Where Does Fact End and Interpretation Begin? makes the next step more operational: where does fact end and interpretation begin? There we will separate observation, source, reconstruction, interpretation, hypothesis and speculation. This article leaves us with the foundational rule: belief should be as strong as the evidential route supporting it — and always flexible enough to change when the evidential picture changes.
Sources and further reading
- Stanford Encyclopedia of Philosophy. The Analysis of Knowledge — propositional knowledge, justified true belief and Gettier-style challenges to simple analyses of knowledge.

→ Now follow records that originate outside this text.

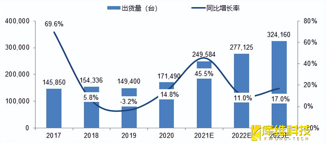 根据相关数据表明,2020年中国工业机器人市场出货量为17.15万台,同比增长14.8%,预计2021年中国工业机器人市场出货量将为24.96万台,同比增长45.5%。长远来看,中国工业机器人市场发展空间广阔,行业需求也将稳速增长,国产替代趋势不改。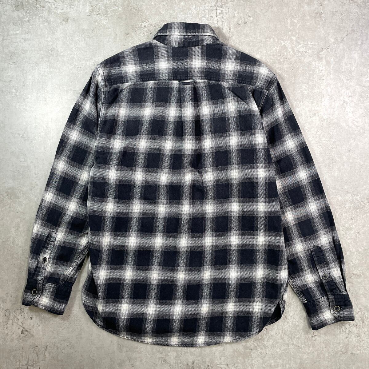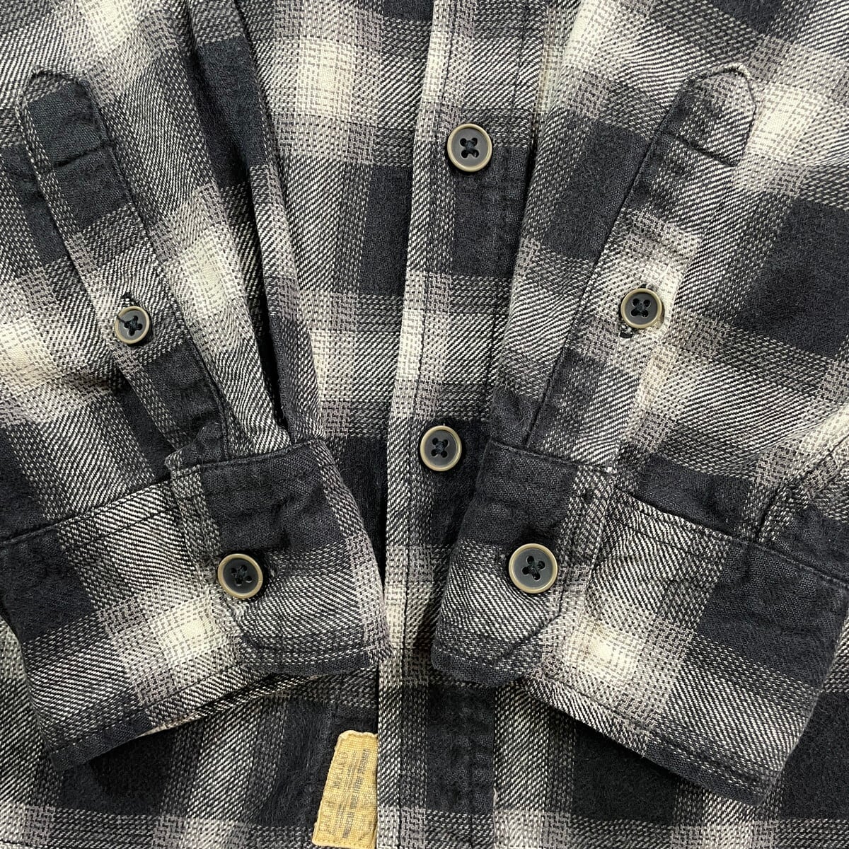 JACHS オンブレ チェックシャツ ヘビーネルシャツ メンズL相当 古着 マチ付き ダブルポケット ブラック 黒 グレー ホワイト 白【長袖シャツ】/マルチカラー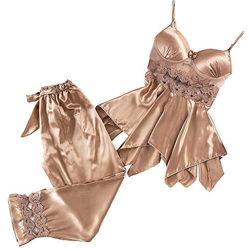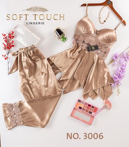 Soft Touch Lingerie - طثقم لانجري مكوّن من 2 قطع بنطال و تفريعة توب بدون أكمام, بيجامة حريمي صيفي بأطراف دانتيل حرير للنساء مقاس واحد من50كيلو إلى 80كيلو (NO:3006)
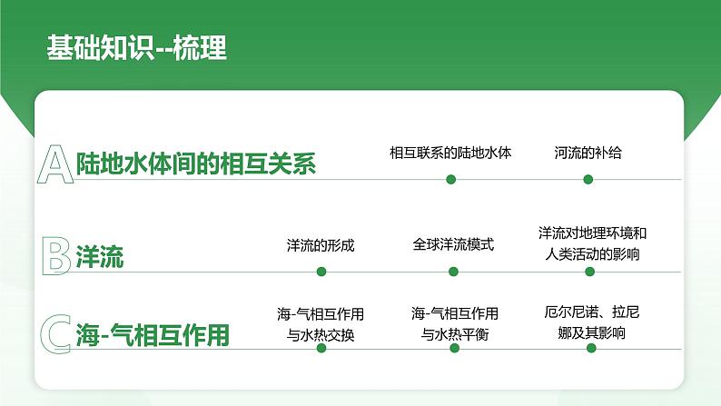 这是一份第四章 陆地水与洋流(串讲课件)-2024-2025学年高二地理上学期期中考点大串讲(湘教版2019选择性必修1),共53页。PPT课件主要包含了基础知识--梳理,重点难点--辨析,重点难点,思维拓展--提升等内容,欢迎下载使用。
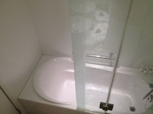 Before we head out, I’m going to hop in the shower. For some mysterious reason, the tub is only half covered. Try not to get the bathroom floor wet.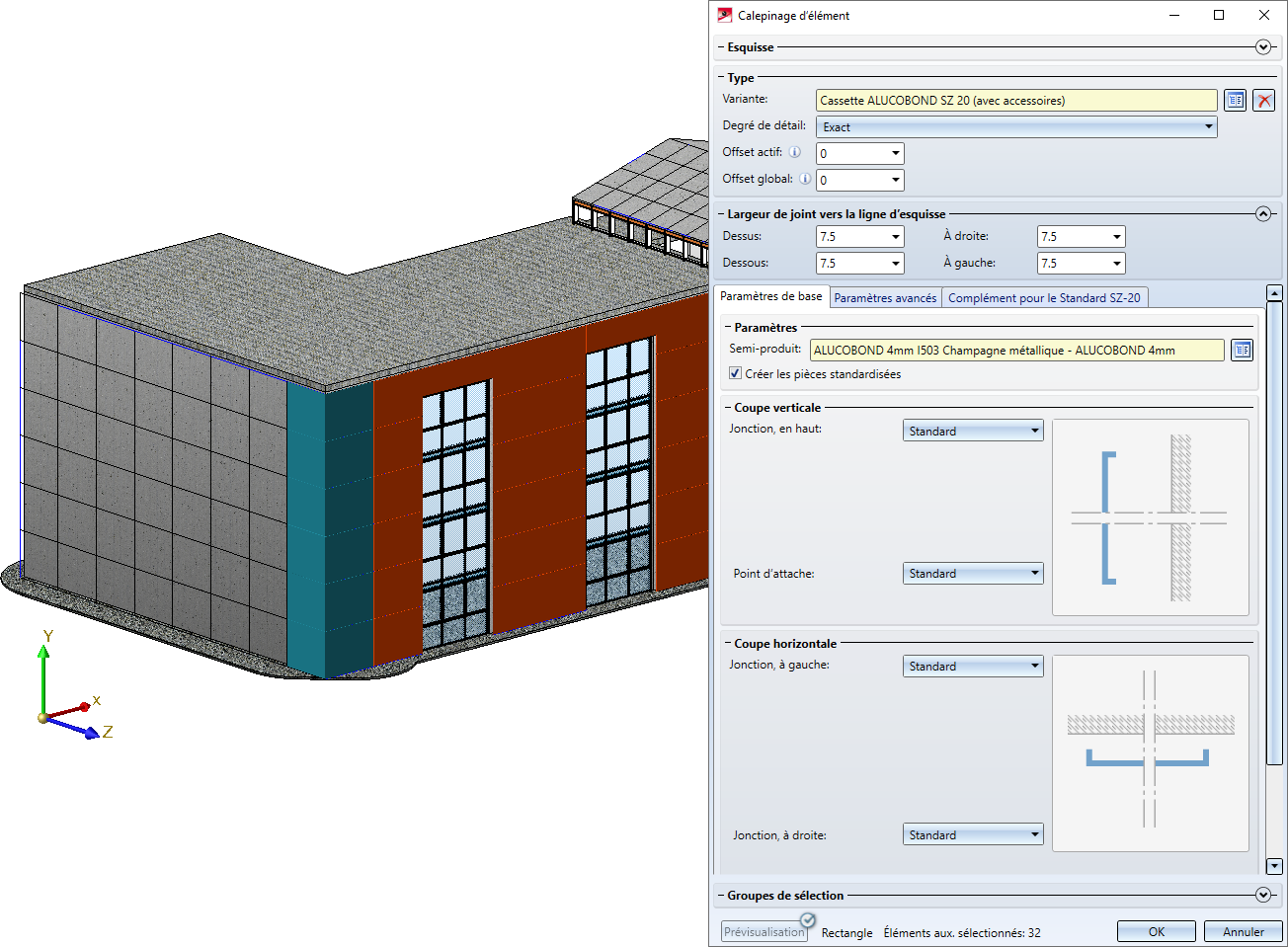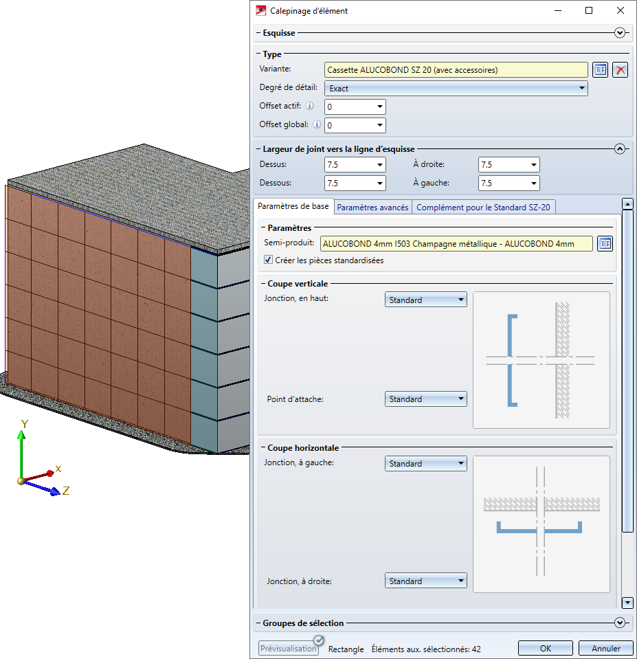 Sélectionnez ici également ALUCOBOND SZ20 et appliquez par OK les paramètres standards. Un 2e ensemble est créé avec le nom Calepinage d'élément.

- Stanford Encyclopedia of Philosophy. Evidence — evidence as relevant to justification and reasonableness of belief.
- Stanford Encyclopedia of Philosophy. Certainty — distinction between certainty and fallibilistic knowledge.
- Stanford Encyclopedia of Philosophy. Bayesian Epistemology — degrees of belief (credences) and rational updating in response to evidence.
- Stanford Encyclopedia of Philosophy. Epistemological Problems of Testimony — testimony as an indispensable but epistemically evaluable source of knowledge.
- Stanford Encyclopedia of Philosophy. Social Epistemology — testimony, expertise, social sources of knowledge and technologically mediated information.
- Stanford Encyclopedia of Philosophy. Disagreement — epistemic significance of disagreement, especially among competent peers.
- Stanford Encyclopedia of Philosophy. Scientific Objectivity — practices for reducing epistemic risks and distinguishing objectivity from a mythical view from nowhere.
- Stanford Encyclopedia of Philosophy. Theory and Observation in Science — relations among observation, theory, evidence and scientific testing.
- NIST. Measurement Uncertainty — measurement as an experimental process whose results require explicit treatment of uncertainty.
- Plant, Anne L. et al. (2018). How measurement science can improve confidence in research results. Nature / NIST publication record — reproducibility is important but is only one component of rigorous research.
- National Academies of Sciences, Engineering, and Medicine (2019). Reproducibility and Replicability in Science — transparency, recomputation, replication and the role of independent verification in scientific confidence.